Ten Pieces Worth Reading, Mostly Economics: February 22, 2010
1) Mark Thoma: "We Need Jobs, not Deficit Cuts":
Every day that goes by with unemployment higher than it needs to be means that people are struggling needlessly. People need jobs. And not at some point in the future when Congress gets around to it (if they ever do), this can't wait another day. It should have been done months and months ago. Congress ought to have the same urgency in dealing with the unemployment problem as it had when banks were in trouble. Collectively the unemployed are too big to remain jobless, and the millions of individual struggles among the unemployed shouldn't be tolerated. But Congress doesn't seem to be in much of a hurry to do anything about it, or give any sign that it much cares.

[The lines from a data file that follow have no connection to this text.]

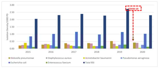 The isolation density per 1000 PD of bloodstream isolates from 2015–2020 at SGHUMC.
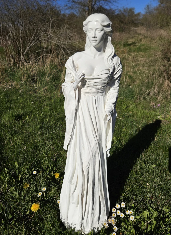 Tato ručně tvořená socha ženy vyniká svou něžností a přirozeným výrazem. Splývavé šaty a jemné detaily působí lehce a vzdušně, jako by se postava na okamžik zastavila v čase. Je ideální jako dekorace do interiéru i na zahradu, kde vytvoří klidné a harmonické místo.
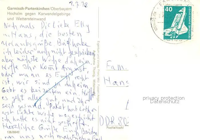 Garmisch-Partenkirchen Hochalm geg. Karwendelgebirge u. Wettersteinwand Garmisch-Partenkirchen postalisch gelaufen 1978 Erhaltung siehe scans [LiesaD40] LiesID40
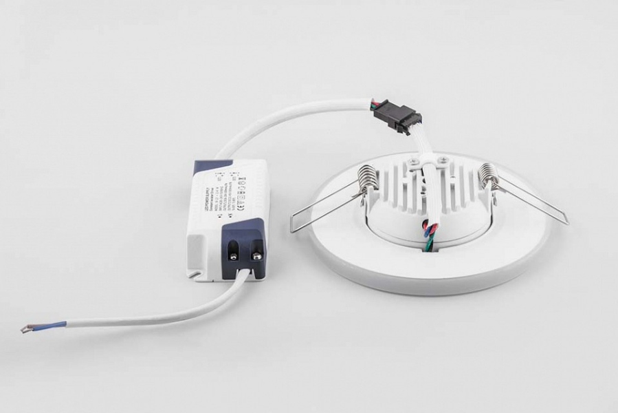 Встраиваемый светильник имеет встроенный светодиодный LED модуль мощностью 9 Вт . Плафоны состоят из таких материалов, как матовый акриловый полимер. Материал арматуры: алюминий.
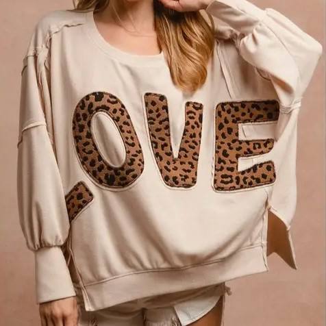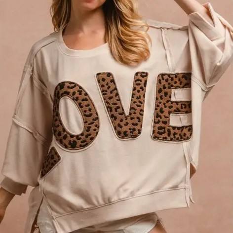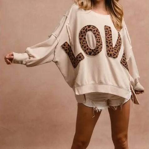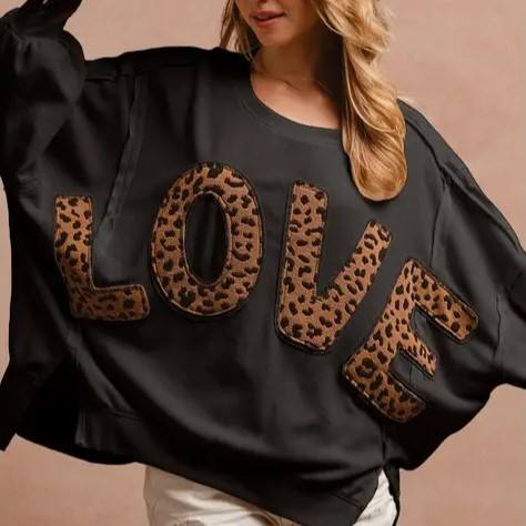 Su misura 2025 autunno nuova felpa Casual Pullover con scritta Patchwork leopardata top larghi manica lunga girocollo
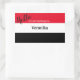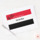 Back to school with custom name sticker labels. Place these name stickers on all the child's belongings. Features the words "Hello, this item belongs to". Red, black and white stripes.
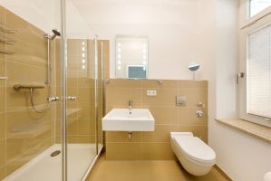 Bäder mit großem Fenster, Duschen, Waschbecken, WC, Heizkörper
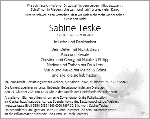 Ich habe Dich als sehr herzlichen Menschen kennlernen dürfen und Du bist und bleibst in meinem Herzen.
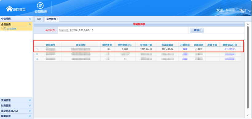 5.返回【会员缴费】模块可查看缴费有效期及服务协议,开票完成后可下载发票
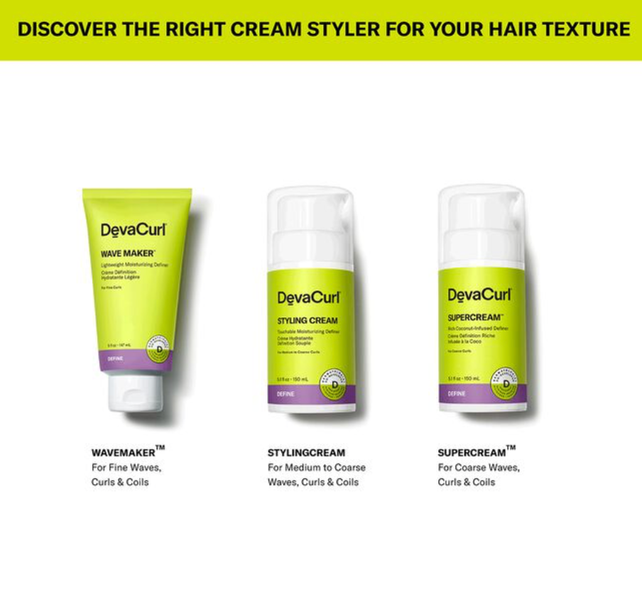 If you have dry, medium to coarse curls, Styling Cream, a rich cream with a hydra-definition blend is recommended. If you have dry, coarse curls, DevaCurl® recommends SuperCream, a multi-tasking ultra-rich cream with a hydra-definition blend.

2) Paul Krugman: How Did Economists Get It So Wrong?:
“We have involved ourselves in a colossal muddle, having blundered in the control of a delicate machine, the working of which we do not understand. The result is that our possibilities of wealth may run to waste for a time — perhaps for a long time.” So wrote John Maynard Keynes in an essay titled “The Great Slump of 1930,” in which he tried to explain the catastrophe then overtaking the world. And the world’s possibilities of wealth did indeed run to waste for a long time; it took World War II to bring the Great Depression to a definitive end. Why was Keynes’s diagnosis of the Great Depression as a “colossal muddle” so compelling at first? And why did economics, circa 1975, divide into opposing camps over the value of Keynes’s views?
I like to explain the essence of Keynesian economics with a true story that also serves as a parable, a small-scale version of the messes that can afflict entire economies. Consider the travails of the Capitol Hill Baby-Sitting Co-op.... Don’t dismiss it as silly and trivial: economists have used small-scale examples to shed light on big questions ever since Adam Smith saw the roots of economic progress in a pin factory, and they’re right to do so. The question is whether this particular example, in which a recession is a problem of inadequate demand — there isn’t enough demand for baby-sitting to provide jobs for everyone who wants one — gets at the essence of what happens in a recession. Forty years ago most economists would have agreed with this interpretation. But since then macroeconomics has divided into two great factions: “saltwater” economists (mainly in coastal U.S. universities), who have a more or less Keynesian vision of what recessions are all about; and “freshwater” economists (mainly at inland schools), who consider that vision nonsense.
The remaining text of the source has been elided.